Beam delivery of carbon-ion radiation therapy (CIRT) is mainly classified into two techniques: ‘passive scattering’ [1] (which is conventionally used) and ‘scanning’ [2]. Passive scattering has already been applied to clinical treatments because of its beam stability. Although it is relatively easier to deliver shaped dosimetry, one of the disadvantages of passive scattering is the necessity for patient-oriented external equipment for adjusting beam ranges and keeping lateral beam edges sharp [3]. Owing to the size and shape of such equipment, it takes about a week to start a treatment. On the other hand, although the scanning technique itself was considered early in the development of CIRT [4], it was not applied to clinical treatments because of the technical difficulty of controlling the carbon-ion beams. Recently, with the improvement of technologies, the scanning technique has started to be used for clinical non-movable targets [4, 5]. Based on the principle of the scanning technique, namely, that it does not need any patient-oriented external equipment, it is possible to commence the treatment sooner than with the passive scattering technique.
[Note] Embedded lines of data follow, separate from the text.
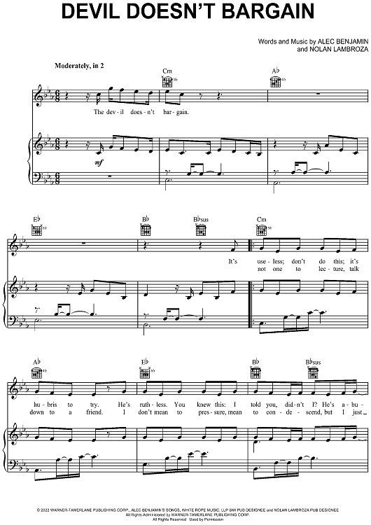 "Devil Doesn't Bargain" Sheet Music by Alec Benjamin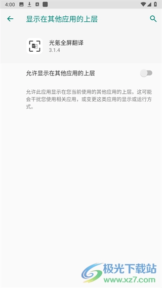 6、之后点击上方的悬浮球,将“允许显示在其他应用的上层”这一服务开启。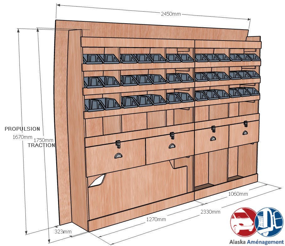 Ce meuble de rangement KRG004-N (pour le latéral « Gauche » de votre véhicule) offre une solution polyvalente et fonctionnelle avec sept niveaux de stockage. Il comprend des étagères pour bacs à bec, une rangée de tiroirs. Une étagère supérieure est conçue pour les objets longs. Son fond arrière intégré assure la rigidité et protège la carrosserie du véhicule, évitant un habillage supplémentaire. Le meuble est disponible en contreplaqué brut ou filmé. |

Although the scanning technique is considered better because of modulation of the radiological dose to the target and earlier treatment commencement, irradiation of moving targets has not previously been used. To overcome the related difficulties, the combination use of 4D computed tomography (4DCT) for planning CT, respiratory-gated irradiation to reduce the field range [6, 7], and rescanning to deregulate the interplay effects was then designed and developed [8]. This is called ‘respiratory-gated phase controlled rescan’ (PCR) [9].

The Heidelberg Ion Beam Therapy Center in Germany has reported on the application of CIRT for the liver, using raster scanning [10], but that treatment was performed while restraining respiration. There have been no reports yet of treatments for the thoracic region. Our institute started a clinical trial for moving targets with PCR under free-breathing conditions in March 2015 [11], and observation has been under way since then.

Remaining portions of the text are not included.